The Dodgers’ luxury tax bill for the year came to $43.6MM, Ronald Blum of the AP reports. For luxury-tax purposes, the Dodgers had a payroll of $297.9MM. As luxury-tax offenders for the third consecutive year, they were taxed at a 40% rate for the amount by which they exceeded the tax threshold of $189MM. The Yankees, meanwhile, will pay $26.1MM, while the Red Sox owe $1.8MM and the Giants $1.3MM. The $72.8MM between the four teams amounts to the record amount of luxury tax collected in a season, Blum reports. That the Dodgers’ bill was so steep comes as little surprise, of course — their 2015 payroll, headed by large expenditures for players like Clayton Kershaw, Zack Greinke, Adrian Gonzalez, Carl Crawford and Andre Ethier, was the highest in MLB history. Here’s more from the West divisions.
- Dennis Lin of the San Diego Union-Tribune profiles new Padres outfielder Jabari Blash, who the Athletics selected from the Mariners in this month’s Rule 5 Draft and then traded to San Diego. The 26-year-old Blash looked like one of the best potential power sources available in the Rule 5 — he batted .271/.370/.576 and hit 32 homers between Double-A Jackson and Triple-A Tacoma in 2015. Interestingly, Blash grew up in the Virgin Islands, and one of the first offers of congratulations he received was from Callix Crabbe, a former infielder from the Virgin Islands who the Padres selected in the Rule 5 Draft in 2007.

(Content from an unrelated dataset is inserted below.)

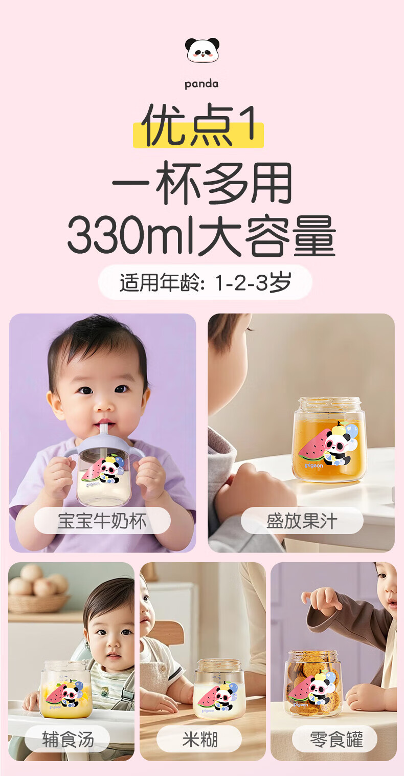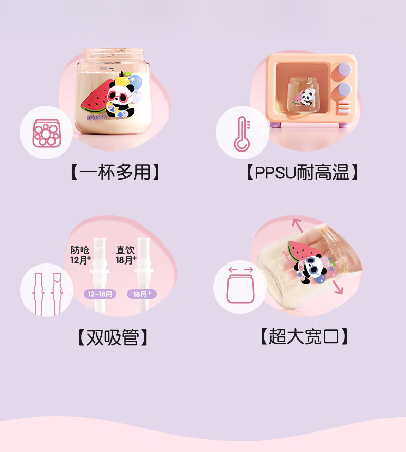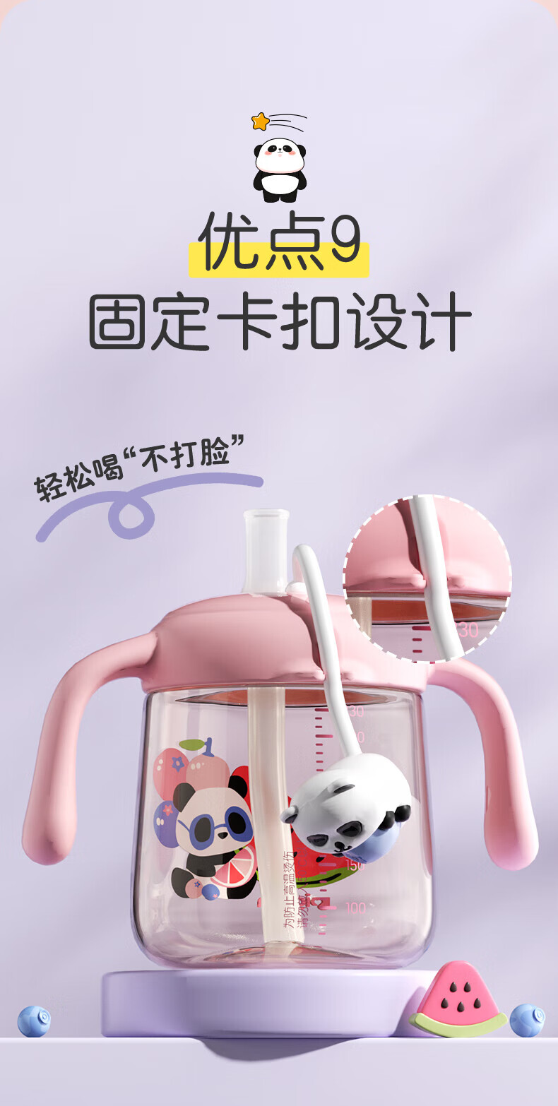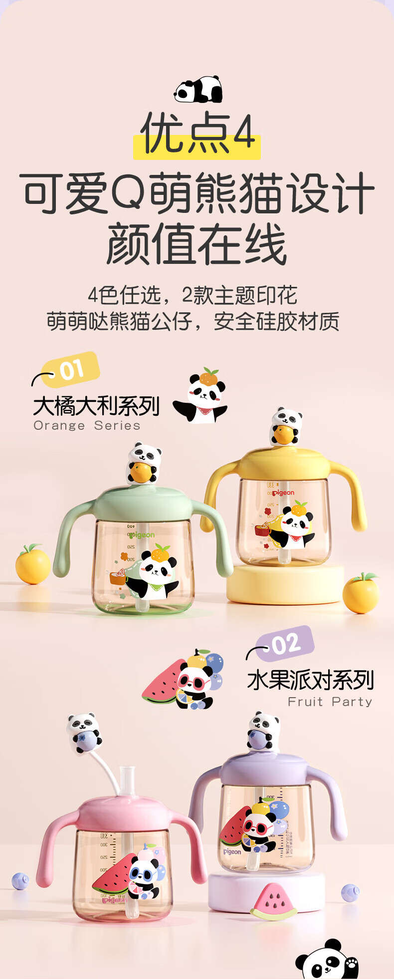 贝亲(Pigeon)水杯 儿童水杯熊猫牛奶杯1-3岁宝宝喝水喝奶PPSU直饮奶瓶吸管杯 海盐薄荷绿 330ml

- The surprising package the Astros gave up to get Ken Giles from the Phillies reflects an industry-wide trend in which relievers capable of pitching high-leverage innings are valued more highly, Evan Drellich of the Houston Chronicle writes. The Astros gave up Vincent Velasquez and Mark Appel in the Giles deal. They re-signed another reliever, Tony Sipp, to a hefty three-year, $18MM contract. The belief that good relievers are fundamentally less valuable than good starting pitchers or position players has long been widely held, but perhaps that’s changing, at least to a degree. “You’d have to say that as an industry, we’re valuing a team that’s in contention needs to have those guys at the back end of the bullpen,” says Astros GM Jeff Luhnow. “We’ve seen what the Royals have been able to do with a successful execution of that strategy, and the Mets with (Jeurys) Familia, and there’s good late-inning relievers on the teams that make it to and win in the playoffs.”